# Ugly Fish - Help the Salt Water Rookie!



## HighCap56 (Oct 21, 2003)

Greetings All! 

I am a transplanted Texan. Been in VB since late August.

Can bass fish with the best of them but I have a lot to learn about Salt Water.

I have been fishing at Lesner Bridge, Lynnhaven Pier, and once under the Great Neck Bridge. I bait fish with the wife and kids and flip plugs and jigs when by myself. Learning how to use a surf rod and what bait to use for what.

Glad I found these forums! 

I caught the only and ugliest fish I can recall at Lesner Bridge one day last week.

Caught this bugger on a white jig in about 4 feet of water very near the shore. Should have taken a photo (no cam at the time), but I did not think this fish was a keeper in any diet.

I was told "Maybe it's an Oyster Toad (it was that ugly, but not a match) or a Sea Robin (not)... Two Asian guys that I see there all the time said it was some out of place tropical fish.

It was a greenish grey skinned fish (like a catfish skin) and had eyes toward the top of it's broad flat head. Had a white smooth belly.

The mouth was square and had some pretty heavy duty teeth inside. Had a lateral rounded fin on either side and a top fin starting from about an inch behind the head that really meant business.

This fish tried his best to tear me up when I was removing the hook, but I managed and flipped him back to freedom.

I would say this little monster weighed about two pounds and was short and pretty fat.

Any idea what I caught? Inquiring minds.....

Thanks!

Bob


----------



## sand flea (Oct 24, 1999)

Did they look like any of these ugly buggers?

Sounds like a stargazer.


----------



## HighCap56 (Oct 21, 2003)

You have correctly identified this bugger!

StarGazer it was!

Guess he was buried up in the sand waiting for my jig.

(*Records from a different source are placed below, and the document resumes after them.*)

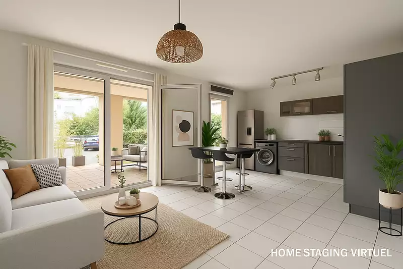 L'appartement se compose d'un grand séjour lumineux de 25 m² avec cuisine aménagée et équipée, d'une chambre confortable, d'une salle de bains et de WC séparés. Vous profiterez également d'une belle terrasse de 15 m² exposée ouest, idéale pour vos moments de détente en extérieur.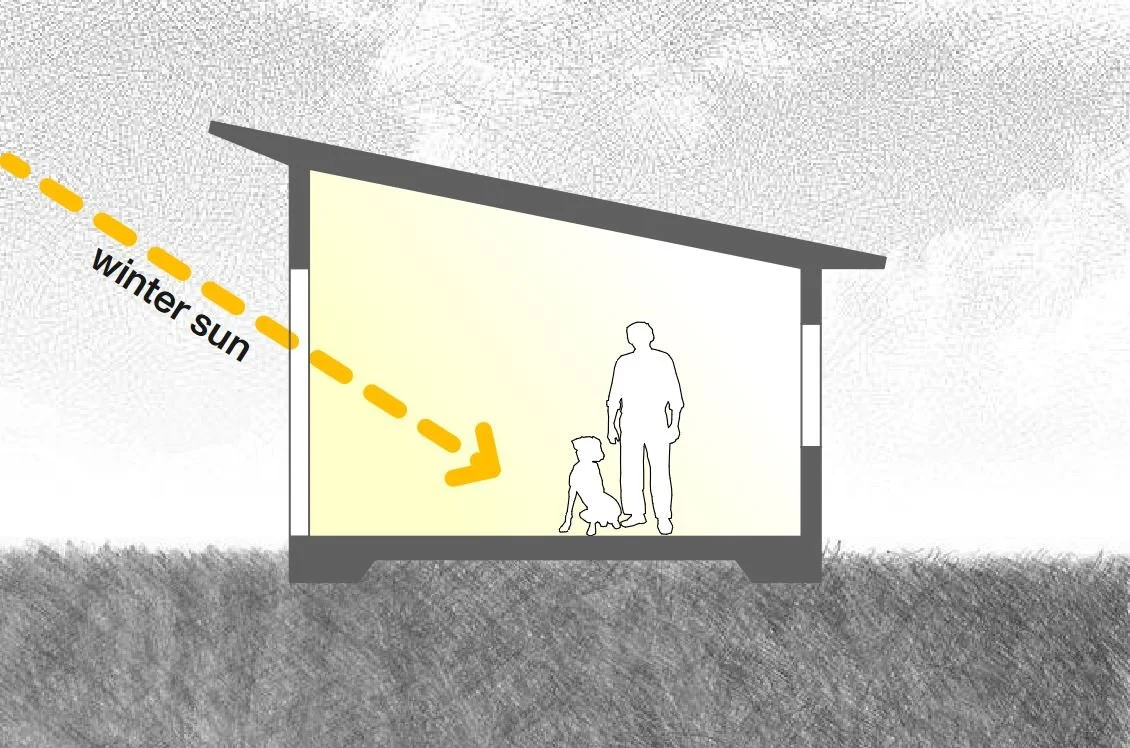 A home should respond to it's positioning within that cube of in relation to seasonal variations. Orientation for passive heating is about using the sun as a source of free home heating by letting winter sun in and keeping unwanted summer sun out. The feeling of a home is influenced by the sun’s path as well as prevailing wind patterns.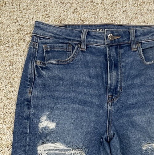 American Eagle Jean Women's size 4 Mom Jeans Distressed Stretch Mid Rise 28x27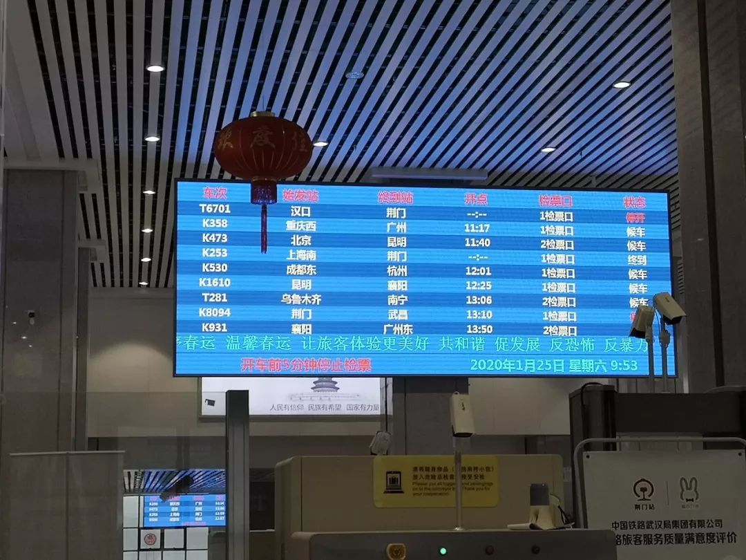 “为全力做好新型冠状病毒感染的肺炎疫情防控工作,按照国铁集团要求,荆门火车站出发通道将于2020年1月25日中午12点进行封闭……”距离封站还有一个多小时,荆门火车站候车厅在循环播放即将封站的广播。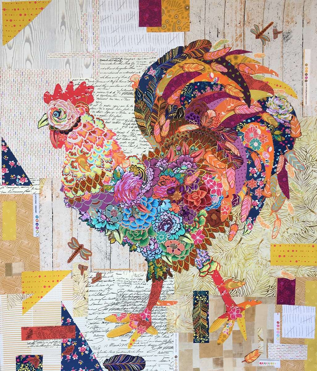 Doodle Doo Rooster Collage Quilt Pattern by Laura Heine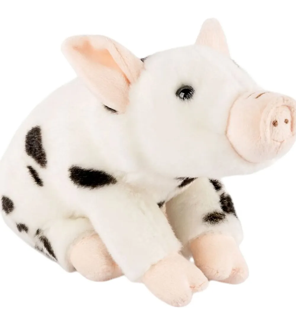 Charmerende Living Nature bamse formet som griseungen Juliana af blødt plys i hvide og sorte nuancer.

Are they common catches around these parts?

Thanks!!!

SaltwaterSmarter Bob


----------



## Dixie719 (May 12, 2003)

I've caught a few this year right around there!


----------



## togman (Oct 12, 2003)

*Stargazer*

I heard that StarGazer's can produce an electrical shock, Is that true? I caught one years ago the same way, then was told they produce over 100 volt shock, anyone know if that is true?


----------



## Kajun (Jul 13, 2003)

my friend caught a stargazer at lesner,duckinn side...must have went 3lbs..it was BIG!....caught it on a 6in storm lure.

yes they are common catches around here..


----------



## Heaver (Feb 7, 2001)

Stargazer. And they will give you a jolt if not careful.

ANother unique thing is how they can bury themselves in the sand/ Almost instantly. I beached one once, hook came off, and saw it "swim" into the sand that quick! I dug around for it and it was gone! All in a period of 20-30 sec.

Lou


----------



## Wilber (May 20, 2003)

Stargazer's have a specialized muscle at the back of their head that will produce a nice shock. I found out the hard way, it felt like it come out my elbow, tingled for about an hour. Watch 'em.


----------



## lowpine (May 28, 2002)

I've heard they taste great, sort of like monkfish....


----------



## 1mocast (Jul 11, 2003)

*ughh*

I dont think I would ever try to eat anything that looked like that.

I don't even want to toch them, whenever I get one I simply donate the hook.

Luckily I've only caught two


----------



## cocoflea (Aug 1, 2002)

Remember some of the ugliest fish are the Tastest the first time I caught a Wolf fish I didn't want to bring it in the boat, but after tasting one I wish I caught more.


----------



## HighCap56 (Oct 21, 2003)

I must have been lucky with that little shocker. 

He was determined to fin me, so I held him flat on the sand and put some pressure to make him be still.

I didn't get zapped, but shortly after read that they can do that.

One of natures little oddities.

Bob


----------